Люди похожи на дома. Для чужих глаз предназначены фасады в мягком свете фонарей и аккуратные сады. Фотографии родных на стене. Зеркало над каминной полкой. Мы тщательно выбираем, что показывать другим. А вот происходящее за закрытыми дверями, когда гости ушли, – уже тайна. Конечно, не все и не всегда. Иногда мы пускаем внутрь друзей. Тех, кому безоговорочно верим. Иногда разрешаем им осмотреться. Иногда даже пристраиваем для них комнаты. И все же в кое-какие места хода нет никому. Чердаки со старой мебелью. Забитые хламом подвалы. Заваленные рухлядью лазы. Там мы прячем свои тайны. Иногда – хотя нет, весьма часто – мы и сами хотим о них забыть.

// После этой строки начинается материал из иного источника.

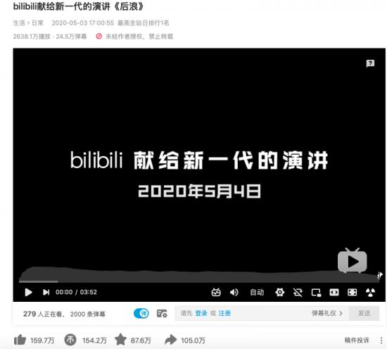 对比之下,《后浪》目前在B站的播放量为2638.1万,产生了24.5万弹幕,获得了105万次转发,159.7万次点赞。在微博#后浪#话题阅读量为2.4亿,讨论6.5万。

Чтобы понять случившееся в «Буфетной Присциллы», пришлось вернуться далеко-далеко назад, в почти забытое место. У меня таких много. Накопились за годы. Многие остались глубоко внизу, в подвале дома, где с тех пор достроили много этажей. В детстве мой дом был размером как раз для ребенка. И совсем простым. Никаких чердаков и подвалов. Никаких лабиринтов, где поджидают чудовища. Играть в «домик» было проще простого. Никаких запретных комнат, треснувших зеркал, мертвых зон. А игру в «домик» девочки начинают сызмальства. Самое привычное занятие. Заглядываешь к другу в гости, переставляешь мебель. Одалживаешь игрушки, забавы, жизни. С этого мы с Кэти и начали. С безобидной детской игры. Уже потом она превратилась в нечто иное, а вначале все было просто. Мы построили свою крепость из подушек. И чудесный игрушечный домик в пастельных тонах.

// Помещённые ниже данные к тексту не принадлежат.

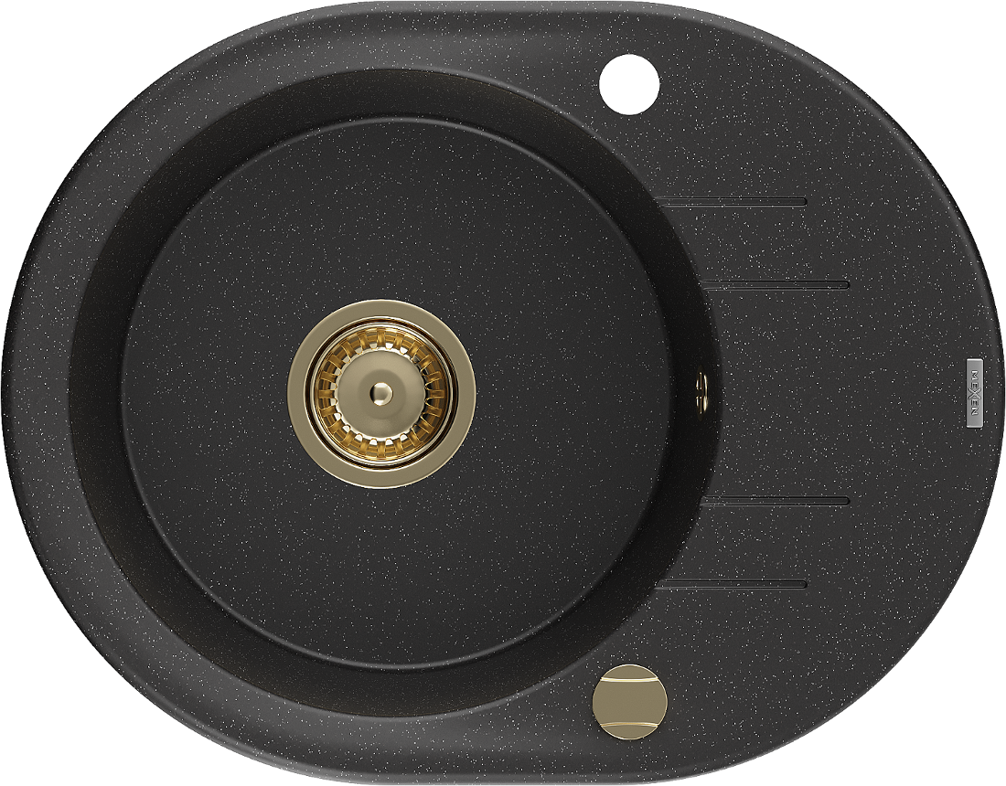 Mexen Kevin gránit mosogató 1-medencés csepegtetővel 586 x 458 mm, fekete/ezüst metálik, arany szifonnal - 6517581005-73-G

У маленькой Кэти было круглое личико, черные волосы и воображаемый друг по прозвищу Мурлыка. Причем мы его не выдумали, а видели своими глазами. Наши мамы дружили. Мы знали друг друга с рождения и вместе играли на каникулах. Менялись одеждой, заканчивали друг за дружкой предложения. «Домик» нам казался столь же привычным, как игра в школу или стакан молока в садике. Никаких объяснений не требовалось. Мы играли в «домик» с глубокого детства. Были как две горошины в стручке. Люди принимали нас за сестер. Тогда мы всем делились. Я – сказками на ночь, она – воображаемым другом. Меняли вкус моего молочного батончика на вкус ее «опальчика», а мою брокколи с сыром – на ее яблочный пирог. И мне так нравилось в домике Кэти! Больше, чем в своем. Там было безопасно и спокойно. Казалось, ничего плохого не случится. Я мечтала навсегда остаться в нем вместе с крылатыми сказочными пони, заколдованными замками, секретиками и Мурлыкой.

Мы дружили с детского сада. В начальной школе тоже остались неразлучны. По-прежнему менялись одеждой. Делились друг с другом успехами. Всегда сидели за одной партой, а по дороге домой держались за руки. И хотя в чем-то мы сильно отличались – она была хорошенькой, а я простушкой, она занималась спортом, а я залпом проглатывала книги, – мы дополняли друг друга, а не соперничали. В то время нас постоянно выручала наша особая игра. Мы помогали друг другу на уроках, разговаривали, не открывая ртов. Было весело, и к тому же нас никогда не наказывали за болтовню в классе. А если мне или Кэти не нравилась еда в кафетерии, мы меняли вкус на что-нибудь другое, и буфетчицы ничего не замечали.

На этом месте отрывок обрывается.